Get File from pod by kubectl cp command or kubernetes api server
1. kubectl cp
We can copy file from pod to local destination by kubectl cp
.
# Copy /tmp/foo_dir local directory to /tmp/bar_dir
# in a remote pod in the default namespace
kubectl cp /tmp/foo_dir <some-pod>:/tmp/foo_dir
# Copy /tmp/foo local file to /tmp/bar in a remote pod
# in a specific container
kubectl cp /tmp/foo <some-pod>:/tmp/foo -c <specific-container>
# Copy /tmp/foo local file to /tmp/bar in a remote pod
# in namespace <some-namespace>
kubectl cp /tmp/foo <some-namespace>/<some-pod>:/tmp/foo
# Copy /tmp/foo from a remote pod to /tmp/bar locally
kubectl cp <some-namespace>/<some-pod>:/tmp/foo foo
kubectl cp
implement by tar
internal, you can read the source codes kubectl/pkg/cmd/cp/cp.go at master · kubernetes/kubectl · GitHub
2. kubernetes api server
const kubernetesClient = new KubernetesClientAPI('<cluster-name>', '<k8sCfg>')
const cpApiIns = kubernetesClient.getCpApiIns()
// copy file from pod to localFile
await cpApiIns.cpFromPod(namespace, podName, container, filePath, localFileName)
3. Stream file to Response
res.setHeader('Content-Disposition', `attachment; filename=${localFileName};`)
const statInfo = await stat(localFileName)
res.setHeader('Content-Length', statInfo.size)
const readable = fs.createReadStream(localFileName)
return readable
.on('error', err => {
console.error(`get readable stream for ${localFileName} error = %o`, err)
res.status(500).json(wrapError({ message: err.message } as any))
})
.pipe(res)
.on('finish', () => unlink(localFileName))
We have to download pod file to local first, and then send it to user again. If the file is huge, it may be very slow, since we need download the file twice, and write it to disk, and last read it to res.
It cost some cpu resource to execute tar command in pod, and some cpu resource in local to untar the stream.
Stream File from pod to res directly
The above kubectl cp
command could be replaced by kubectl exec
with tar command.
# Copy /tmp/foo_dir local directory to /tmp/bar_dir
# in a remote pod in the default namespace
kubectl cp /tmp/foo_dir <some-pod>:/tmp/foo_dir
tar cf - /tmp/foo_dir | kubectl exec -i <some-pod> -- tar xf -C /tmp/bar_dir -
# Copy /tmp/foo local file to /tmp/bar in a remote pod
# in a specific container
tar cf - /tmp/foo | kubectl exec -i <some-pod> -c <specific-container> -- tar xf -C /tmp/bar -
# Copy /tmp/foo local file to /tmp/bar in a remote pod
# in namespace <some-namespace>
tar cf - /tmp/foo | kubectl exec -i -n <some-namespace> <some-pod> -- tar xf -C /tmp/bar -
# Copy /tmp/foo from a remote pod to /tmp/bar locally
kubectl exec -n <some-namespace> <some-pod> -- tar cf - /tmp/foo | tar xf -C /tmp/bar -
# You can even copy a file from one pod to another!
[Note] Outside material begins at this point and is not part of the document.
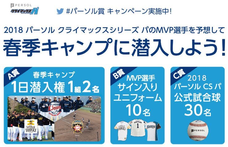 2018年度パシフィック・リーグオフィシャルスポンサーの総合人材サービスのパーソルホールディングス株式会社では、『パーソル クライマックス パ』のMVP選手に贈呈する「パーソル賞」受賞選手を予想して当てると、抽選で優勝チームの春季キャンプに潜入できるTwitterキャンペーンを開始いたします。
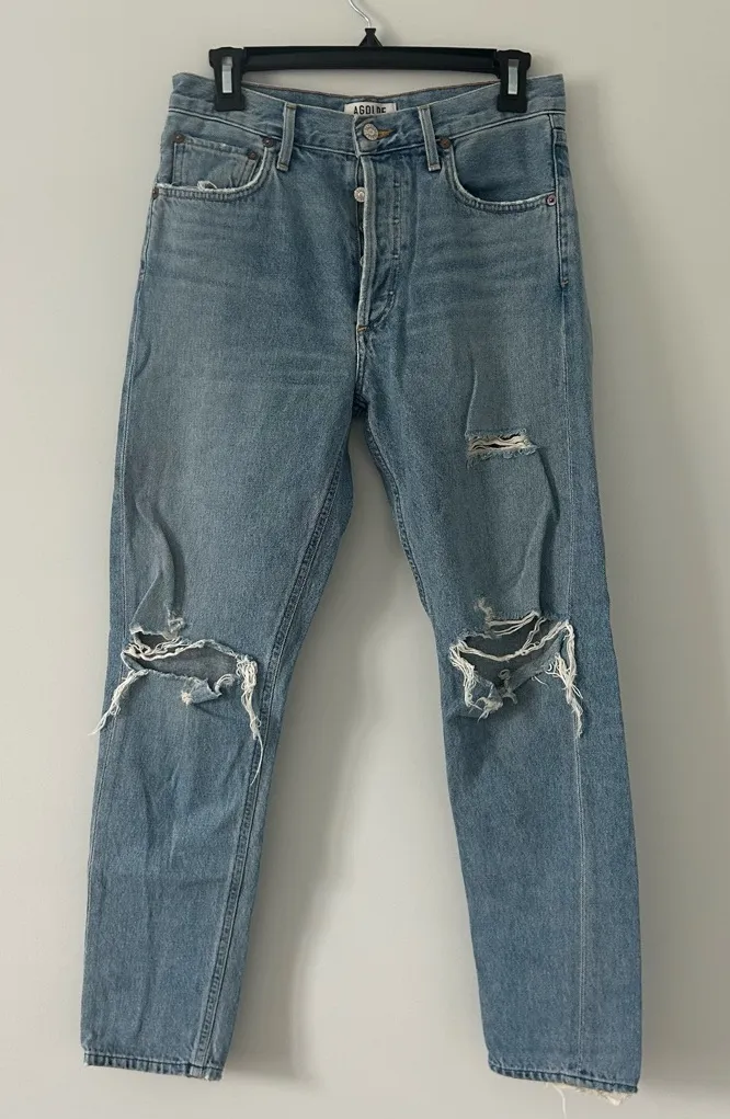 AGOLDE Riley High Rise Distressed Straight Leg Jeans Size: 26 Fabric 80% Organic Cotton 20% Recycl... Show more

kubectl exec <some-pod> -- tar cf - /tmp/foo | kubectl exec -i <other-pod> -- tar xf -
if we can stream file to response directly without save it to local disk, we can save the file size by gzip, and stream it to response directly without saving it. We can achieve best performance by this method.
const kubernetesClient = new KubernetesClientAPI('<cluster-name>', '<k8sCfg>')
const execIns = kubernetesClient.getExecApiIns()
const tarCmd = ['tar', '-czf', '-', filePath]
const fileName = filePath.split('/').pop()
res.setHeader('Content-Disposition', `attachment; filename=${fileName}.tar.gz;`)
await execIns.exec(
namespace,
name,
container,
tarCmd,
res,
stderrStream,
null,
false,
(status) => {
const { status: statusCode } = status
if (statusCode === 'Success') return
const stderr = stderrStream.getResult()
console.error(
`execute command: '${tarCmd.join(' ')}' failed, the error = %o, \n stderr = %s`,
status,
stderr
)
if (!res.headersSent) res.writeHead(500)
return res.end(`download file error: ${stderr}`)
},
)
We use exec
api to execute tar -czf - filePath
to get the filePath tar and gzip stream to stdout, and the stdout we pipe to res directly.
Compare with the first method, we don’t save file and read it to res again. The file size get down from 3.9G to 638M, it decrease 84% of original, it can be downloaded faster than original one.
We don’t untar the stream, we pipe the gzip tar stream to response on the contrary.
Conclusion
We should avoid to write file to disk and read it again, reduce io operations. Take advantage of stream in memory instead. It can speed up the process progress and save lot of system resources.